Peanuts have been consumed by people since ancient times, but what happened to them recently made them global. Archaeologists have found proof that peanuts originate from what’s today Paraguay and then the culture spread to Peru and to Northern South America. Europeans run into it in the Age of Explorations and introduced the peanut to Africa. The traders of slaves brought the peanuts in the USA in the 18th century, raising them especially for cattle food or as a replacement of cocoa, or for the butter. John Harvey Kellogg   invented the peanut butter since he happened to be a vegetarian, looking for an alternative to cow’s butter. Right after he discovered it the American Vegetarian Society started producing the peanut butter in fabulous quantities. Within five years it became successful in the entire USA. The business expands dramatically in the 1920s and becomes a major food item for children in the 1930s.

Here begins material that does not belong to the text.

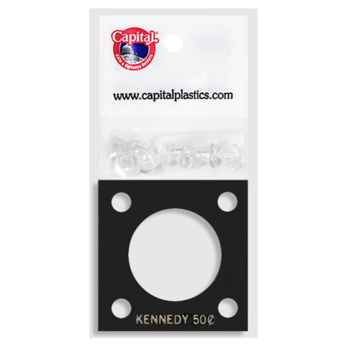 Capital Plastics 2x2 Kennedy Half 144 Screw Type Holder with plastic layers. Color is Black. The text on the holder reads "KENNEDY 50c".
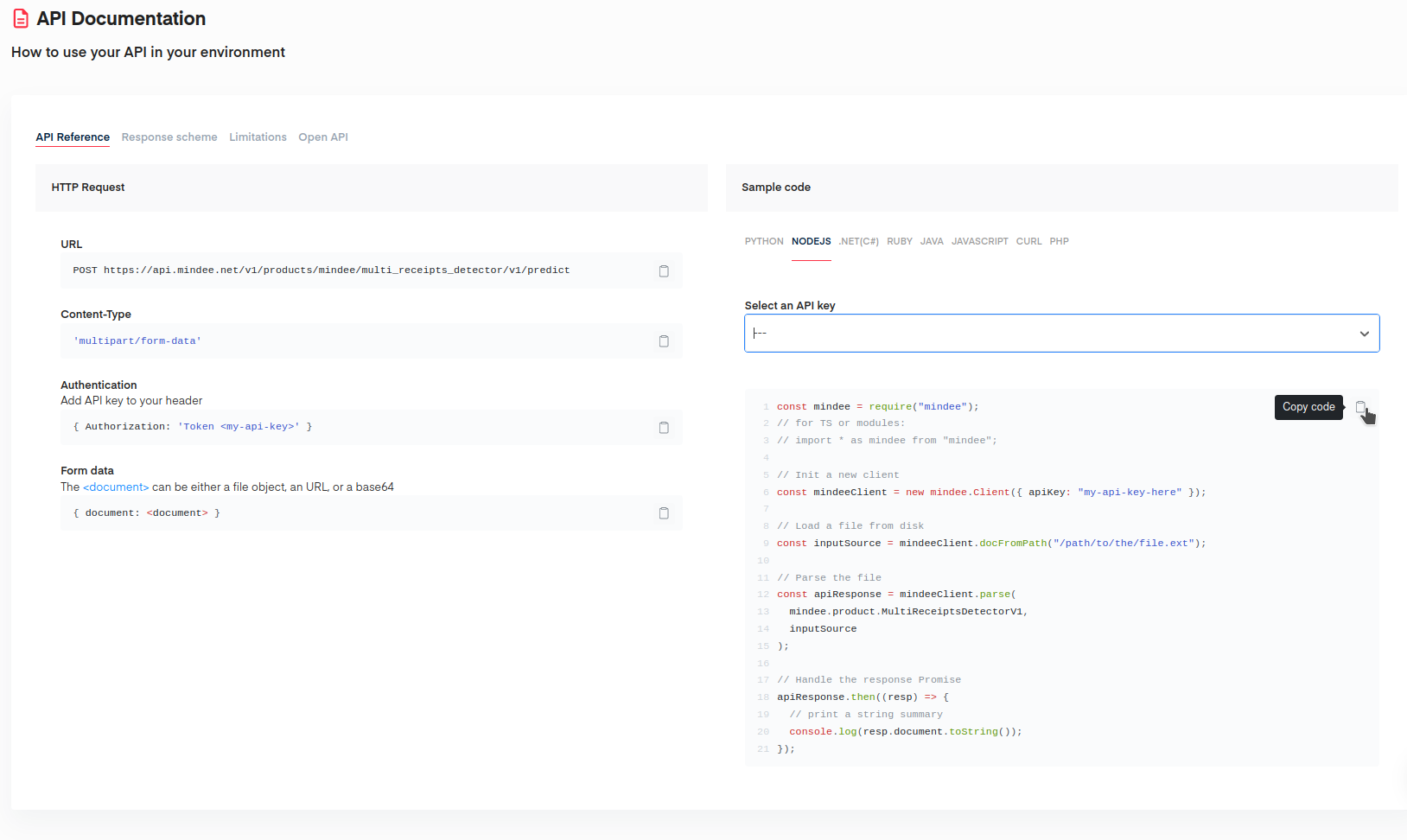 From there we'll click on your language (`NODEJS`), then `Select an API key`, and finally use the copy code button:

Nowadays Americans wonder, does life even exist without peanut butter? 85% of the families in America have at least one jar of peanut butter in their fridge. It is crunchy or smooth, and it can be added to absolutely anything.


For centuries chestnuts have been a basic part of the diet of Europe and the Middle East. People used them in medicine: it was believed that they protect against rabies and dysentery. But its main function has always been food, especially for cold areas. The Sweet, also called “European” chestnut is native to Western Asia. Cooks used to grind the starchy nut to flour and mixed it with wheat flour from which they made bread in medieval Europe especially in times of famine. The chestnuts were considered nutritious, but hard to digest, causing wind or constipation.